- Problem to solve: What you give back from the listing below should be an exact copy of the lines from the one with "Open de deuren" down to the one with "Lando Norris (McLaren)", and it should contain no pictures.

- Given records:
------------
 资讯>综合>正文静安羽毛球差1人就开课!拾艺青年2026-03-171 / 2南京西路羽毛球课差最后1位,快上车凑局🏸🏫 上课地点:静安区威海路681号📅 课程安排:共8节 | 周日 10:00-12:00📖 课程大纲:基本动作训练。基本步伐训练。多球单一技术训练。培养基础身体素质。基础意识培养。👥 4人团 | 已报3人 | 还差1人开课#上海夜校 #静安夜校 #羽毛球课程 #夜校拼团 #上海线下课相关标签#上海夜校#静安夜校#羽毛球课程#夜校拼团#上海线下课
------------
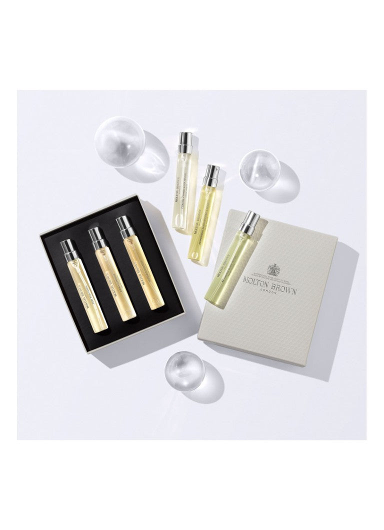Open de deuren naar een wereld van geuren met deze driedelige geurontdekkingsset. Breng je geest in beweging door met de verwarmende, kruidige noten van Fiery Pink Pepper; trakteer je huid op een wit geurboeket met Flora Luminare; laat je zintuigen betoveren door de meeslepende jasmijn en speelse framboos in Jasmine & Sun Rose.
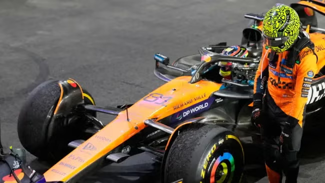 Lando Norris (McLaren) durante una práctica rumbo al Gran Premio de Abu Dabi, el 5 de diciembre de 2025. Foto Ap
------------
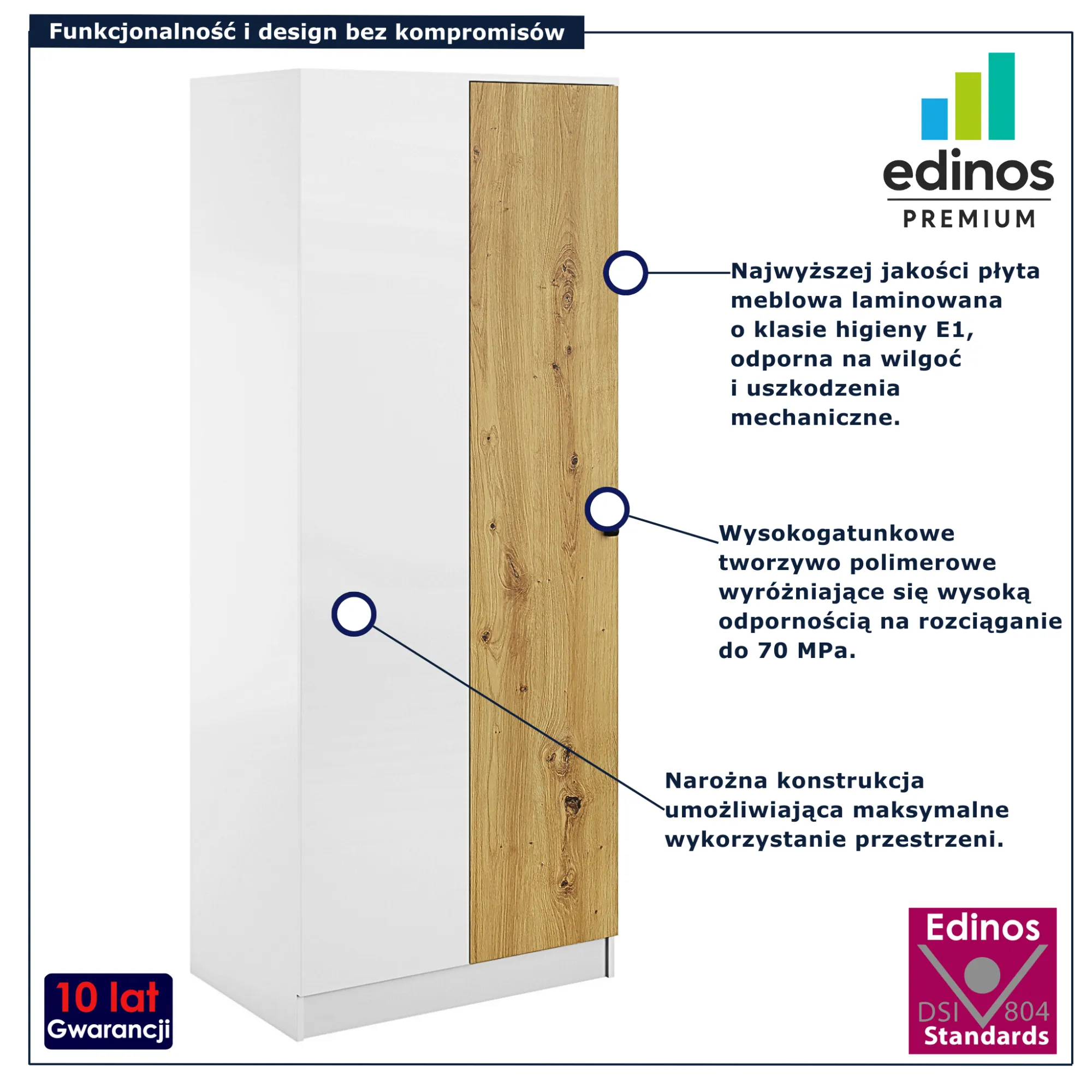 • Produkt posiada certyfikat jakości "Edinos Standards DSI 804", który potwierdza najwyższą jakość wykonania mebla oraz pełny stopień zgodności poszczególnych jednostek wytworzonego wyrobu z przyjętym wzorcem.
------------
- Output:
Open de deuren naar een wereld van geuren met deze driedelige geurontdekkingsset. Breng je geest in beweging door met de verwarmende, kruidige noten van Fiery Pink Pepper; trakteer je huid op een wit geurboeket met Flora Luminare; laat je zintuigen betoveren door de meeslepende jasmijn en speelse framboos in Jasmine & Sun Rose.
 Lando Norris (McLaren) durante una práctica rumbo al Gran Premio de Abu Dabi, el 5 de diciembre de 2025. Foto Ap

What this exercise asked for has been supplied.